Blog

Monitoring Openstack Part 1

Monitoring Openstack Part 1

Last year we focused on the Openstack technology and the projects behind it. We decided to stress on it and move our scope in that direction because of the rich features and flexibility that it provides. But as we know great power comes with great responsibility.


Once you are done with the installation and configuration of the cloud you need to guarantee its availability and this is where monitoring comes. If you browse the web you might find numerous technologies that can fit the need - Zabbix, Nagios and Icinga are just few of them. So it’s really easy to choose one that will do the job.

My choice of monitoring is Icinga2/ Icinga and here are some points that helped in choosing it:

- Icinga2 support Grapite natively
- RESTful API support
- Rich web experience
- Support of Nagios modules

Once we select the monitoring technology we can focus on the monitoring itself. Openstack provides an Infrastructure-as-a-Service through variety of projects or services:

- Nova
- Keystone
- Glance
- Horizon
- Neutron
- Cinder
- Swift
... and many more.

Moreover, Openstack services communicate through the AMQP technology which was selected by Openstack. AMQP broker of the default installation is RabbitMQ but it can be substituted by Qpid if needed.
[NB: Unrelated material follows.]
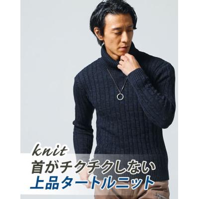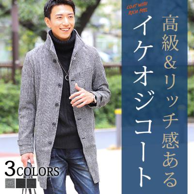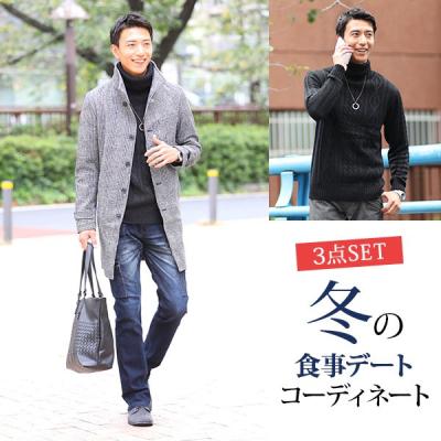 グレンチェックスタンドカラーコート×黒タートルネックニット×デニムパンツの3点冬コーデセット
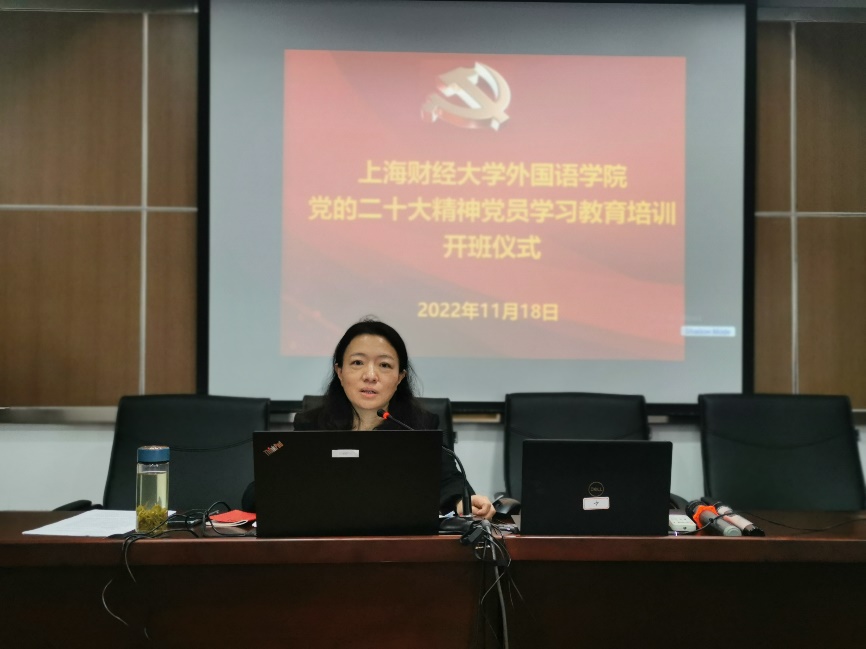为深入学习宣传贯彻党的二十大精神,11月18日下午,外国语学院党委举办学习贯彻党的二十大精神专题教育培训开班仪式。学院全体师生党员通过线上线下结合的方式参加本次开班仪式。仪式由学院组织员王莹珏主持。

All communications for most of the components like Nova, Cinder, Neutron use Remote Procedure Calls to communicate and that makes message broker the heart of the cloud. Tasks like creating new volumes, starting new instances, stopping new instances and more. So monitoring RabbitMQ is like checking you heart rate regularly.

Once you have installed the Icinga or Nagios monitoring you can focus on looking for modules. Here you can find the Nagios module we use to monitor:

https://github.com/nagios-plugins-rabbitmq/nagios-plugins-rabbitmq

Before you go with it you must enable the rabbit management console.

rabbitmq-plugins enable rabbitmq_management

The module has plenty of checks that are helpful to get basic overview of state and consistency of your system. I`ll review some of them so you can get a good overview of how modules work. You can find good explanations for each of them on the Git page as well.

- check_rabbitmq_alivness - checks send/receive messages using the API
- check_rabbitmq_connections - gathers facts about connection via the management API
- check_rabbitmq_exchange - collects rates of confirmed published and published out messages in a period of time - really useful for performance data monitoring
- check_rabbitmq_overivew - collects the pending ready and unacknowledged messages. 
- check_rabbitmq_queue - for monitoring of queues
- check_rabbitmq_server - monitoring the resource usage of the server 

There are many more that you can have a look at Github page above. The module is developing really fast and after the writing of this blog post there can be many more.

So having these powerful checks you can setup your monitoring. Most of them are straight forward and you can just set them up for periodic checks.

Here are some hints for exchanges that can be checked with - check_rabbitmq_exchange:

+ EXCHANGE -  nova
+ EXCHGANE - openstack
+ EXCHANGE - neutron 
+ EXCHANGE - heat (if you use it regulary)

Here are some hints for monitoring queues of Openstack:

Volume status and availability
+ QUEUE - cinder-volume
+ QUEUE - cinder-backup
+ QUEUE - cinder-scheduler
Nova status and availability
+ QUEUE - compute
+ QUEUE - conductor
+ QUEUE - engine 
Neutron - network status and availability
+ QUEUE - dhcp_agent
+ QUEUE - l3_agent

Last but not least will be the monitoring of the RabbitMQ process and the standard monitors for system load, CPU and disk space of the controller node.

In the next part I`ll try to explain a bit more about image and KVM monitoring.